I'm not sure how my Reno jeans fit. Even now that I'm back in 60613, I don't know. For that matter, I don't know how my Chicago jeans fit. I'm perpetually visiting the cities I inhabit. I don't know what it means to have a "home" anymore. I was a Renoite for my entire life. It was part of my identity and how I understood myself.  

Then I moved. I picked a city and I moved there. To a disturbing extent, the city was arbitrary. I could have just as easily moved to Los Angeles to study at iO West and Magnet in New York. Am I entitled to call Chicago home? I have no roots here. No family. I pay rent. That's about it. I could live anywhere right now. So if Chicago isn't home base, what is? Reno has moved on. My friends and family are all tangled up in their own lives. They're getting married, graduating, and raising their kids. And they should be. 

I'm a grandson coming to visit during the summer. When you visit family, everyone is on their best behavior. Grandmothers and grandsons rarely ever fight. When you see someone once a year, and there's a real possibility you'll never see them again, there's no time for fighting. It isn't until your parents divorce and your grandson comes to live with you for a few years that you really start to hate him. The please-and-thank-you routine goes out the window and you end up engaging him like a human being. I'd rather fight with someone than play nice.  Reno is my grandmother now; I visit her and she politely smiles at me. I love this woman, but she has a life without me 51 weeks a year. She loves me, but the bed I sleep in isn't my own. 

This isn't to take anything away from my friends and family. I spent twenty-five years finding the best dozen people in Nevada and I love each of them immensely. If being away has taught me anything, it is that I am wholly dependent on my friends.  No matter how satisfying my life is here and how many opportunities I am able to explore, my friends and family are undeniably necessary to my happiness. 

I won't be able to call anywhere home until I can mate my creative satisfaction with the loves of my life. These jeans need their closet-mates. They're lonely.     


  1. On the one hand, you say that Reno opens its arms to you, is familiar, welcomes you in a sincerely loving way that feels like home. And that you did feel like you were home.

    On the other hand, you says it smiles "politely" like a grandmother you never much see--but what you mean is that it's distant, unfamiliar now, something that has moved past you.
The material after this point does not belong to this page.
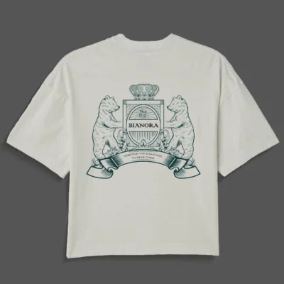 Step into elegance with the Bianora Classic White T-Shirt, featuring an intricate royal crest design. Two majestic bears stand proudly beside the Bianora emblem, crowned and adorned with detailed scrollwork. Beneath the crest, the inspiring motto “Through the Darkness to Brightness” adds a timeless touch. Crafted from premium cotton for comfort and style, this piece blends heritage and modern streetwear.

    I suppose it can be both without contradiction. But *I* know, at least, that it will always welcome you with loving, open arms. To see you again after the longest stretch in my OWN life of not seeing you was, for me, like being home.



  2. Denise,

    I meant that we're on our best behavior when the trip is short. I love you too. Thanks for being there for me.

  3. Very nice Nick. :)

    I miss your face.When are you coming back?

  4. I'm hoping to be back in January for the three year Empire Improv anniversary show. Maybe I'll see you there. Glad to hear from you again.